Building Strength for Everyday Activities – (My Fitness Journey – Vertex Fitness Diary 4)
Since I’ve begun working out regularly at Vertex Fitness, I’ve been building strength and watching my body change. It isn’t always in the way that I expect or anticipate, but it is for the better. Right around the time I started my fitness regimen, it just so happened that I had gained a bunch of weight due to a medication that I was taking. What was supposed to be ten extra pounds was actually twenty pounds, put on in about a month’s time. I’m still grappling with the ways that this has affected me.

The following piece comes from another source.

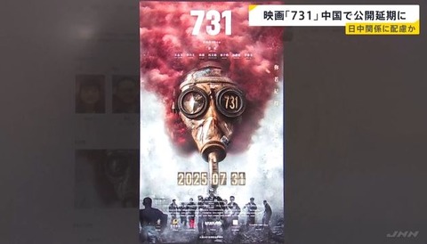 【悲報】中国の超反日映画「731」、日中関係の悪化を警戒し上映中止になるwwwwwwwwwwwwwwwwwwwwwww

I’m a feminist and huge believer in body positivity. There are no good bodies or bad bodies—just lots and lots of different shapes and sizes. I believe this to my core, but at the same time, I always felt vaguely like a fraud. That’s because I had always been thin, my entire life, without ever having to work for it. That’s just the way my body worked. I’m hypoglycemic, meaning that my blood sugar occasionally drops problematically low, and it’s a factor in my high metabolism. As an adolescent, I actually had to drink those Ensure weight maintenance shakes, because I had a difficult time maintaining a healthy weight—all of the pictures of me before high school show knobby knees and sharp cheekbones. At the time, I was even frustrated with my ‘boyish’ figure—I had nothing that could be described as a womanly curve until I was well into college. My mom actually used to have to buy shorts and jeans for me in the Juniors’ Boys aisle. Other girls had rhinestones and butterfly embroidery on their flare cut jeans—mine came with a wallet on a pocket chain and were cargo style. As you can imagine, I had to beat the boys off with a stick.

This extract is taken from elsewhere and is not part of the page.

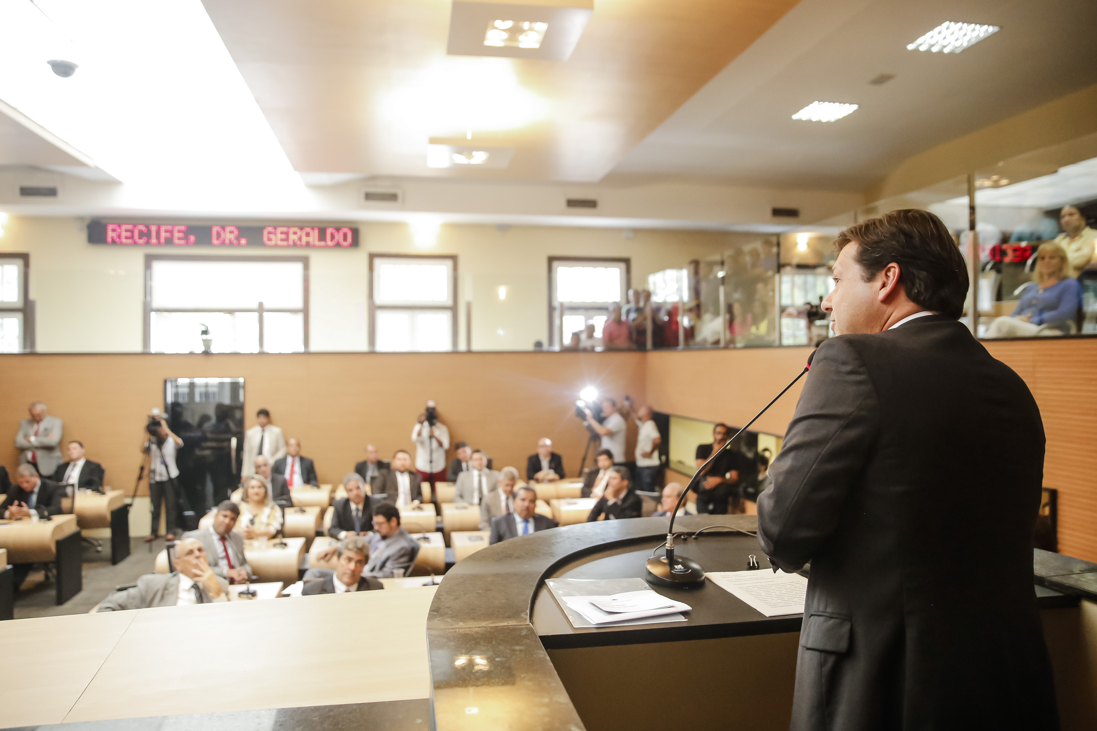 Com pouco mais de uma hora de atraso e recebido entre palmas e algumas vaias, o prefeito do Recife, Geraldo Julio, participou da abertura dos trabalhos legislativos na Câmara de Vereadores, nesta quarta-feira (1º). O gestor leu a mensagem do Executivo, apontando as realizações, projetos e obras do Recife nos últimos quatro anos.

Not too long ago, before the body shift, I remember being horrified at something a friend of mine had posted on Facebook. As they were getting on to a bus, some man, a complete stranger, called her an unflattering name and told her that she should lose some weight. The friend in question was a professional dancer. She was in fantastic physical shape, but she was not thin. In the comments on this Facebook post, some discussion had sprung up around when it was appropriate to express ‘concern’ over someone’s health. (Let me go on record as saying that if that ‘concern’ involves calling out a stranger on a bus, you are not concerned for their health, you are an asshole.)
I jumped in. “Health and weight are NOT the same thing. You cannot tell whether a person is healthy just by looking at them. I have a very low BMI, and I am NOT a particularly healthy person. I am tremendously unfit, I get winded walking up a flight of stairs, and sometimes my blood sugar drops so low that my speech starts slurring and I get confused. But no one would ever know that just by looking at me. Thinness does not automatically equal good health, and heaviness does not automatically equal an unhealthy person.”
Fast forward a few years, to where I am now. I’m twenty pounds heavier than I was when I made that post, but I am so much healthier. I don’t get winded walking up the stairs anymore. Even the symptoms of my hypoglycemia seem to have abated somewhat—I have not had a dangerous blood sugar drop in quite a long time. But not only that, but I am stronger and more capable now.
Last week, I had to push my workout back to the next day because a friend needed help—their apartment building had caught fire, and the smoke and water damage had ruined much of their belongings, and they needed to move out of the now-condemned building on a moment’s notice. There were only three people who were able to come help out on a week day—my friend’s father, another female friend, and myself. While the friend organized and packed things into boxes and taped and labelled, I was available to help carry. The hallway was condemned, so everything had to be carried down their narrow fire escape.
It was so narrow and treacherous that boxes couldn’t be carried in front of you at your natural center of gravity—everything had to be hoisted onto your shoulders. I’m sure I would have been yelled at if my trainer had been there to witness such poor form. Amazingly, as I hoisted box after box after box and made literally dozens of trips up and down their fire escape, I did not quit, and I did not get tired for quite a while. I was able to lift things that I never would have been able to budge just six months ago.
My friend’s dad even noticed, and remarked on how strong I was. Considering that I’m only 5’3”, I’m never quite what folks expect. It’s ironic. Even as I look less and less like the women in the Lululemon ads, I am more confident that I could take any of them to the mat. (Views expressed are the opinion of the author—Vertex Fitness does not condone challenging fitness wear models to combat.)
Oh, and if you were wondering? No, my trainer STILL did not give me a break, even though I had spent the previous day schlepping boxes around in a friend’s barbecued apartment while trudging through asbestos water and sheet rock stew just to help out in their hour of need. Sucks to be me.